If both stacks are of the same size, the function creates two empty stacks, `temp1`

and `temp2`

. It then enters a loop that runs until both input stacks are empty.

The function pushes the top element of both input stacks onto their respective temporary stacks and compares them. If the top elements are not equal, the function returns `False`

.

If both input stacks are empty, the function checks if both temporary stacks are also empty. If they are, the function returns `True`

.

If not, the function returns `False`

.

## Conclusion

In this article, we explored two methods of checking the equality of two stacks in Python. The first method involves comparing and popping the top elements of both stacks until both stacks are empty.

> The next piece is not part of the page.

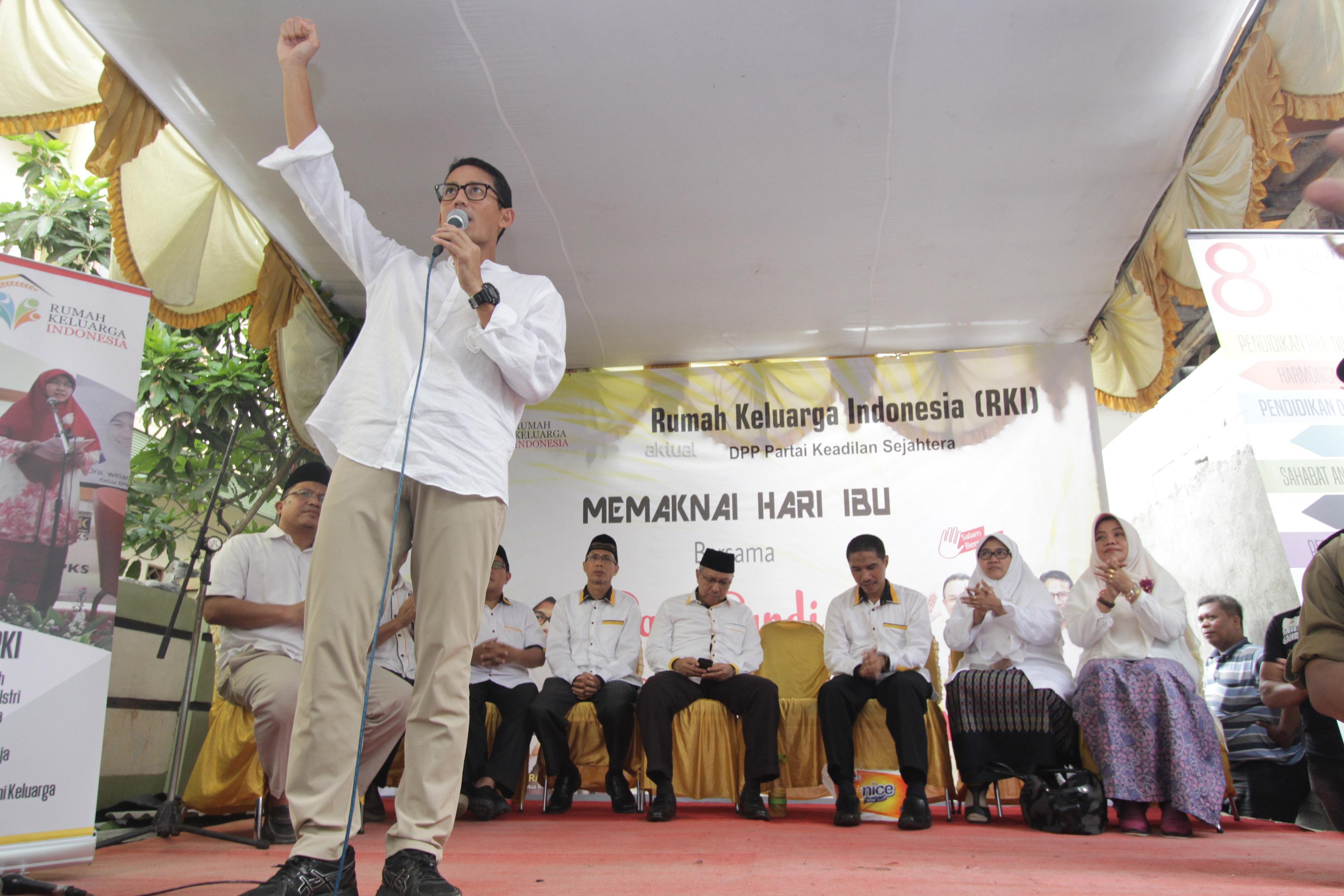 Cawagub DKI Jakarta nomor 3 Sandiaga Uno turut hadir dan memberikan sambutan dalam Gebyar Rumah Keluarga Indonesia (RKI) sekaligus memperingati Hari Ibu 2016 di Jakarta Utara, Sabtu (17/12/2016).

The second method involves simply comparing the top elements of both stacks without popping any elements. Although the second method is simpler, it requires more memory.

We implemented both methods using Python code and ran test cases to check their validity. We hope you now have a better understanding of Python stacks, their properties, and how to check their equality.

In brief, this article covered two methods for checking the equality of two Python stacks: comparing and popping the top elements of each stack, and comparing the top elements of both stacks without altering them. We discussed the properties of Python stacks, implemented both methods using Python code, and provided test cases to validate their effectiveness.

The importance of understanding Python stacks and their equality is paramount for any software developer, and this article provides a solid framework for comprehending those concepts. In summary, with Python stacks playing a crucial role in programming, it’s essential to know how to check their equality when needed.